Molecular Biology and Origin of MERS-CoV
MERS-CoV is an enveloped, nonsegmented, single-stranded, positive-sense RNA virus. The MERS-CoV genome is composed of 30 119 nucleotides with at least 10 open reading frames (ORFs). 67 Two of the proposed ORFs (ORF1a and ORF1b) encode 16 nonstructural proteins important for virus replication. 67 The remaining ORFs encode structural and accessory proteins, including the envelope, membrane, nucleocapsid, and spike proteins. 67
Evidence suggests that the ancestor of MERS-CoV, potentially MERS-CoV itself, may be harbored by bats. Several reports have described a genetic link between MERS-CoV and other coronaviruses detected in bats. The lineage C betacoronaviruses Pipistrellus bat coronavirus HKU5 and Tylonycteris bat coronavirus HKU4 are genetically related to MERS-CoV and likely all emerged from a distant common ancestor centuries ago. 39 Lineage C betacoronaviruses identified in European and African Pipistrellus and Nycteris bats were determined to be genetically similar and phylogenetically related to MERS-CoV. 7 Additionally, in Bisha, Saudi Arabia, a few months after the first human case of MERS-CoV infection was documented, a 190-nucleotide fragment of a coronavirus RNA-dependent RNA polymerase gene was amplified from bat feces and shared 100% sequence identity with the original MERS-CoV isolate from the same geographic region. 45
Although MERS-CoV may have originated in insectivorous bats, humans do not commonly interact with these species, thus limiting the opportunities for viral transmission.
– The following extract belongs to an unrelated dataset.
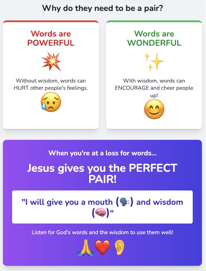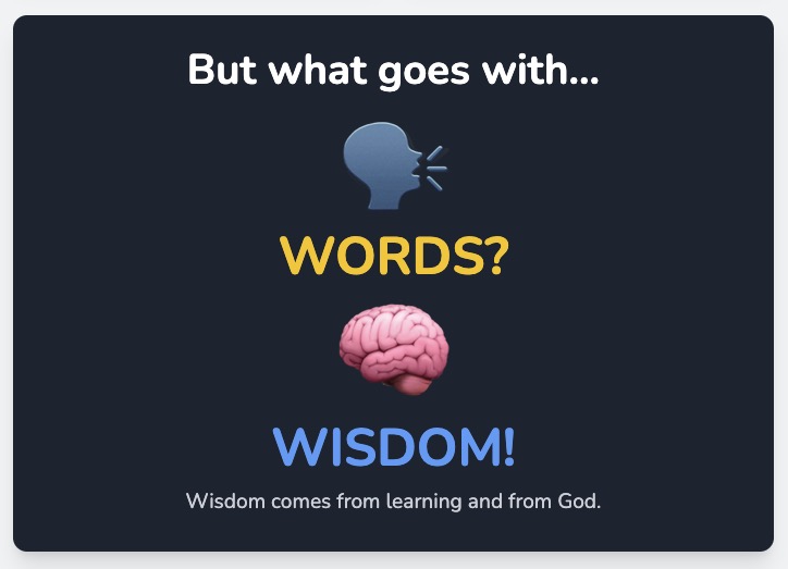 Now let’s talk about something that goes well with words. The Bible teaches us that wisdom is a good thing to fit together with our words. Wisdom, or being wise, comes from studying and learning many things. Wisdom also comes from God.

Conversely, direct contact between humans and dromedary camels occurs on a regular basis in regions with high numbers of reported human MERS-CoV cases and dromedary camels have been implicated as a source for human MERS-CoV infections. Neutralizing antibodies against MERS-CoV, or a closely related virus, have been detected in dromedary camel serum samples collected from several Middle Eastern and African countries, with seropositivity dating back to 1983. † Moreover, MERS-CoV RNA has been identified in nasal and conjunctival swabs, milk, and, rarely, rectal swabs from dromedary camels. ‡ Although MERS-CoV seropositivity is more common in adult camels, MERS-CoV RNA is most often detected in nasal swabs from juvenile camels, suggesting that active infections typically occur in younger camels. 5,48 MERS-CoV infections in camels appear to be acute and transient. Most infected camels are asymptomatic; however, some camels develop rhinorrhea and an increase in body temperature. 1,10,16,43 Experimental inoculation of young adult dromedary camels with MERS-CoV has been shown to cause mild disease consisting of degeneration and necrosis of the respiratory epithelium in the upper and lower respiratory tract in the absence of pneumonia. 1 Viral antigen and high levels of infectious virus were detected in affected tissues, while the nasal turbinate respiratory epithelium was identified as the main site of virus replication. 1 High amounts of infectious virus were isolated from nasal discharge despite development of only mild clinical disease, 1 which may result in MERS-CoV infections in camels being overlooked, leading to undetected viral transmission among camels and between camels and humans.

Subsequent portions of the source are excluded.